→ **Data for processing**:
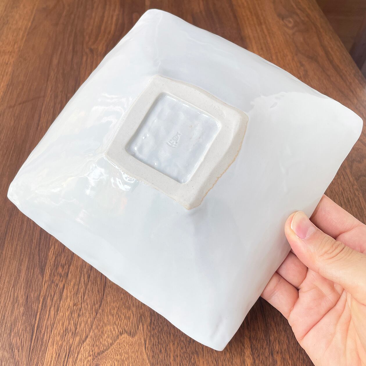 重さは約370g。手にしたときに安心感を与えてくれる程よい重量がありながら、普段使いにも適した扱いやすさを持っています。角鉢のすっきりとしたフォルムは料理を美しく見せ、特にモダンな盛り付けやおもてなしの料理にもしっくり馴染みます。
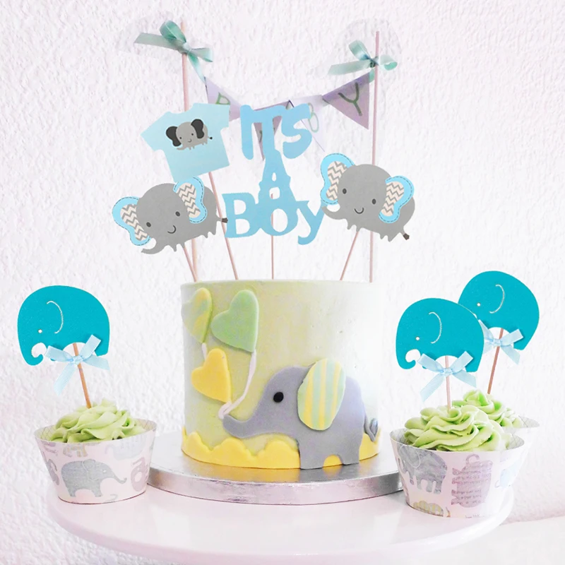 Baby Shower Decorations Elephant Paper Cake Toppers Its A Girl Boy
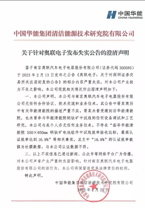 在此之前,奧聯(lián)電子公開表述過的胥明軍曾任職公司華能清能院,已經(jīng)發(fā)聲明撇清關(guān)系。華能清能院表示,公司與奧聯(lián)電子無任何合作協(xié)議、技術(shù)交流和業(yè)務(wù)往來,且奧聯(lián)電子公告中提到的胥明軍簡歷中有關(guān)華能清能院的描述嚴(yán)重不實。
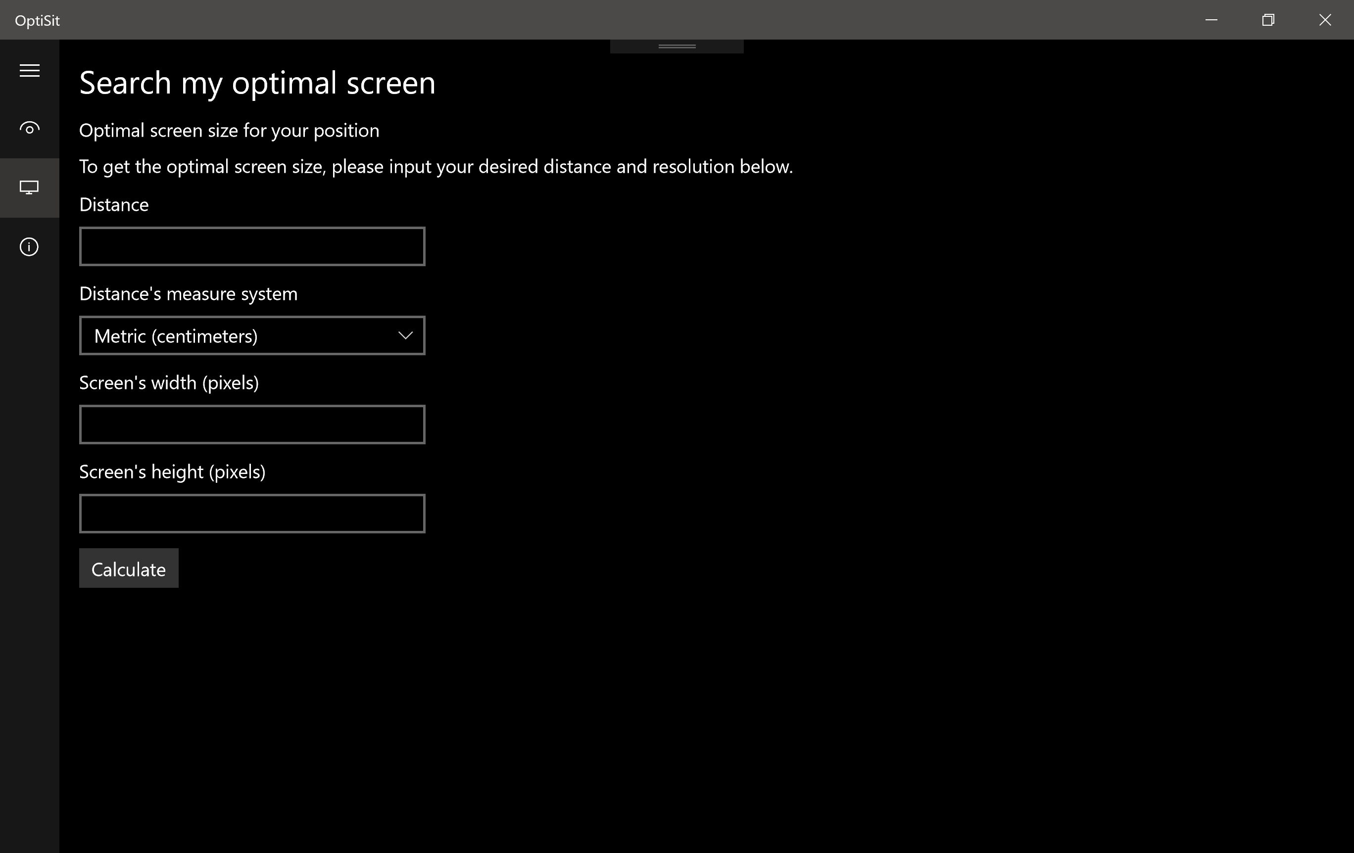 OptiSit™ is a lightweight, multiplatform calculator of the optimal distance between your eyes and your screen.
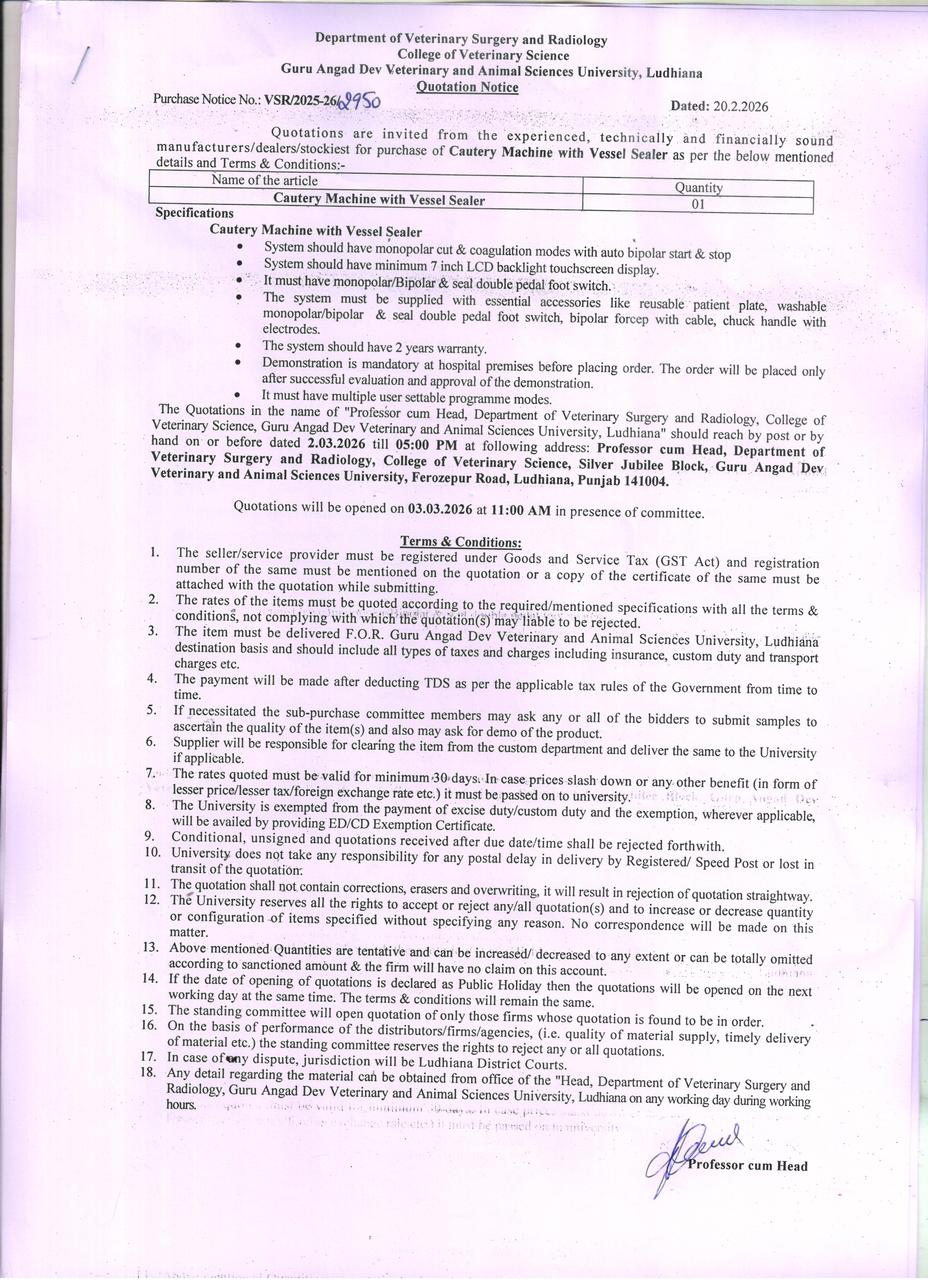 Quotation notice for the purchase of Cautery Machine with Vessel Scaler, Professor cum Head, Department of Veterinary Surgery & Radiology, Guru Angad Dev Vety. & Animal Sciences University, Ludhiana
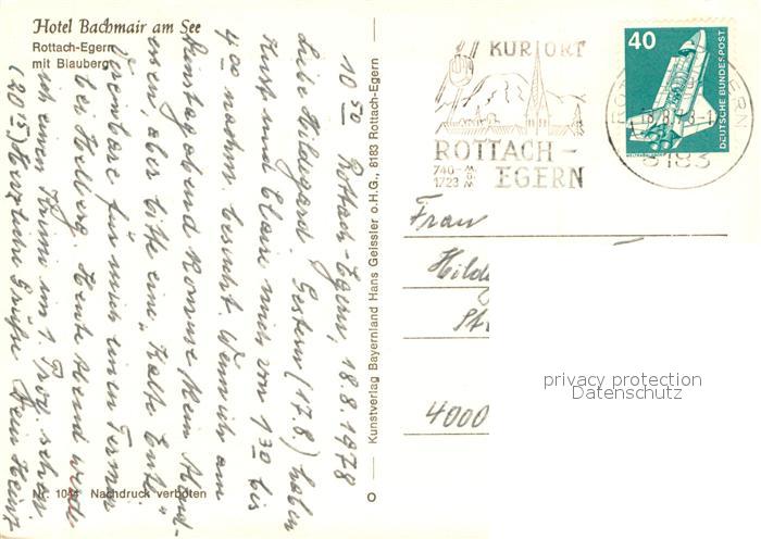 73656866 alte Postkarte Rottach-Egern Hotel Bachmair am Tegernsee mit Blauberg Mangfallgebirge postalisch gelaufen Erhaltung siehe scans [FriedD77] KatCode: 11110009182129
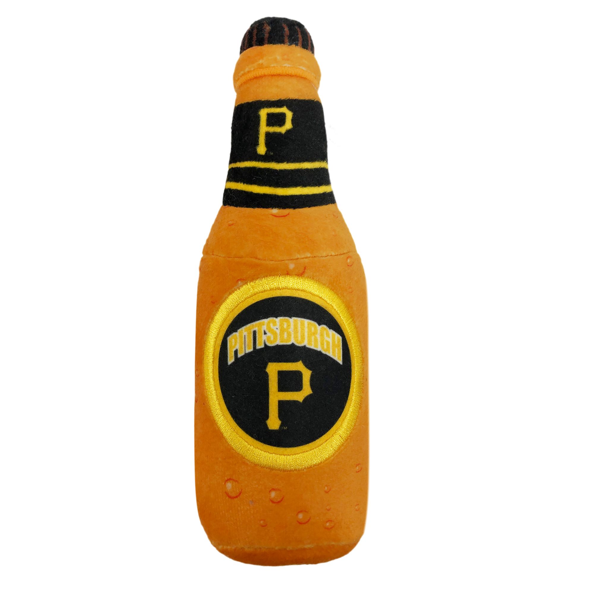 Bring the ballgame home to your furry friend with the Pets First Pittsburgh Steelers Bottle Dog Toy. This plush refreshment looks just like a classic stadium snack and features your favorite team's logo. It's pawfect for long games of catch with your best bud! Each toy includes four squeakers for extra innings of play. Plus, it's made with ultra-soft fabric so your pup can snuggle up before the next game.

→ **Problem requirements**: Omit every picture, then reproduce the rest of the listing exactly.

→ **Reply to the exercise**:
 重さは約370g。手にしたときに安心感を与えてくれる程よい重量がありながら、普段使いにも適した扱いやすさを持っています。角鉢のすっきりとしたフォルムは料理を美しく見せ、特にモダンな盛り付けやおもてなしの料理にもしっくり馴染みます。
 Baby Shower Decorations Elephant Paper Cake Toppers Its A Girl Boy
 在此之前,奧聯(lián)電子公開表述過的胥明軍曾任職公司華能清能院,已經(jīng)發(fā)聲明撇清關(guān)系。華能清能院表示,公司與奧聯(lián)電子無任何合作協(xié)議、技術(shù)交流和業(yè)務(wù)往來,且奧聯(lián)電子公告中提到的胥明軍簡歷中有關(guān)華能清能院的描述嚴(yán)重不實。
 OptiSit™ is a lightweight, multiplatform calculator of the optimal distance between your eyes and your screen.
 Quotation notice for the purchase of Cautery Machine with Vessel Scaler, Professor cum Head, Department of Veterinary Surgery & Radiology, Guru Angad Dev Vety. & Animal Sciences University, Ludhiana
 73656866 alte Postkarte Rottach-Egern Hotel Bachmair am Tegernsee mit Blauberg Mangfallgebirge postalisch gelaufen Erhaltung siehe scans [FriedD77] KatCode: 11110009182129
 Bring the ballgame home to your furry friend with the Pets First Pittsburgh Steelers Bottle Dog Toy. This plush refreshment looks just like a classic stadium snack and features your favorite team's logo. It's pawfect for long games of catch with your best bud! Each toy includes four squeakers for extra innings of play. Plus, it's made with ultra-soft fabric so your pup can snuggle up before the next game.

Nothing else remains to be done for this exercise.